Depending on the switching characteristics, the pulses can be classified into the following two types −
- Positive Pulse − When a signal normally goes from low logic level to the high logic level and then returns to its normal low logic level, then it is called a positive pulse.
- Negative Pulse − When a signal normally goes from high logic level to the low logic level and then returns to its normal high logic level, then it is known as a negative pulse.
The pulse waveforms for positive and negative pulses are depicted in the following figure.
A pulse has two edges namely, a leading edge and a trailing edge.
In the case of a positive pulse, the edge going from low logic level to high logic level is called the leading edge, and the edge going from high logic level to low logic level is called the trailing edge.
In the case of a negative pulse, the edge going from high logic level to low logic level is called the leading edge, whereas the edge going from low logic level to high logic level is called the trailing edge.
The positive and negative pulse waveforms shown in the above figure are ideal pulse waveforms, because their leading and trailing edges change instantaneously i.e., in zero time. But in actual practice, the edges of pulses do not change instantaneously from low logic level to high logic level or from high logic level to low logic level.
The pulse waveforms that take a finite time to change from low logic level to high logic level and vice-versa are known as non-ideal pulse waveforms.

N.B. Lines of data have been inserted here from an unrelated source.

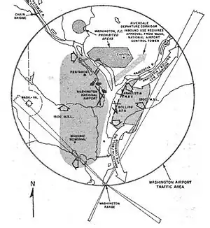 Crowded airspace in the Washington DC area resulted in the Federal Aviation Agency establishing special flight restrictions which were published in the 1961 Code of Federal Regulations as part of Title 14 – Aeronautics and Space.[13] Specific instructions for the Washington-Virginia Airport included the following:
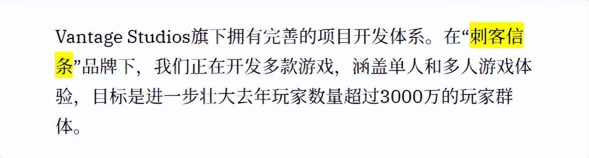 他透露育碧与腾讯合作设立了Vantage Studios工作室,未来该工作室将会围绕《刺客信条》IP开发多款产品,涵盖单人和多人玩法。
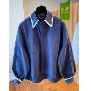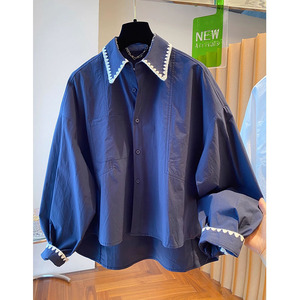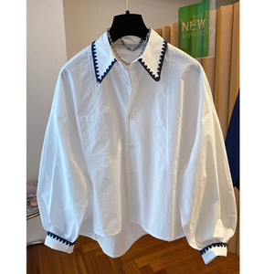 韩里韩气黄色长袖衬衫女早秋2025新款宽松撞色别致花边拼接衬衣
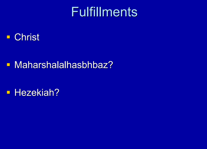 So, it would seem that Maher-shalal-hash-baz is a fulfillment. He is conceived of a young maiden, and it will be clear by the time he is roughly two years old, and those two kingdoms are destroyed, that God is with them.
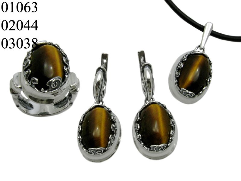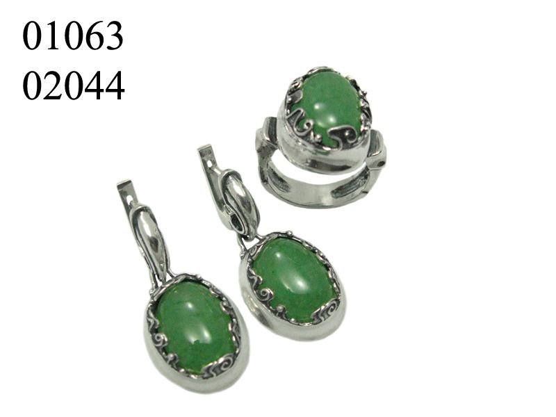 Крупный комплект, состоящий из кольца и сережек, выполненные из серебра 925 пробы. Комплект может быть с :
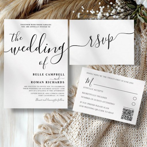 Modern Black & White Calligraphy Wedding Invitation Belly Band
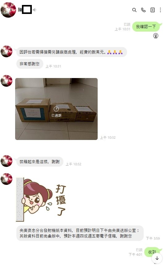 民眾黨立委黃國昌分享自己與央廣吳姓工程師的對話紀錄。黃國昌國會辦公室提供。

In the case of a non-ideal pulse waveform, the time taken by the pulse to go from low logic level to high logic level is called the rise time. The time taken by the pulse to go from the high logic level to the low logic level is called the fall time.
Types of Pulse Waveforms
The pulse waveforms used in digital systems are mainly classified into the following two types −
Periodic Waveforms
A pulse waveform that repeats itself at regular intervals of time is called a periodic waveform. The time taken to complete one cycle is called the time period of the periodic waveform.
Non-periodic Waveforms
A pulse waveform which does not repeat itself at regular intervals of time is termed as a non-periodic or aperiodic waveform.
Conclusion
In conclusion, "logic level" is a concept used in digital systems to represent the state of the system. There are two possible logic levels in the case of digital systems namely, high logic level and low logic level. The high logic level is represented by the binary 1 while the low logic level is represented by the binary 0.
The graphical representation of a digital signal or a pulse is termed as the "pulse waveform". Pulse waveforms are used to represent the transition of a pulse or digital signal or the states of a digital system. In this chapter, we have discussed the concept of logic levels and pulse waveforms. In the next chapter, we will learn about "components of a digital system".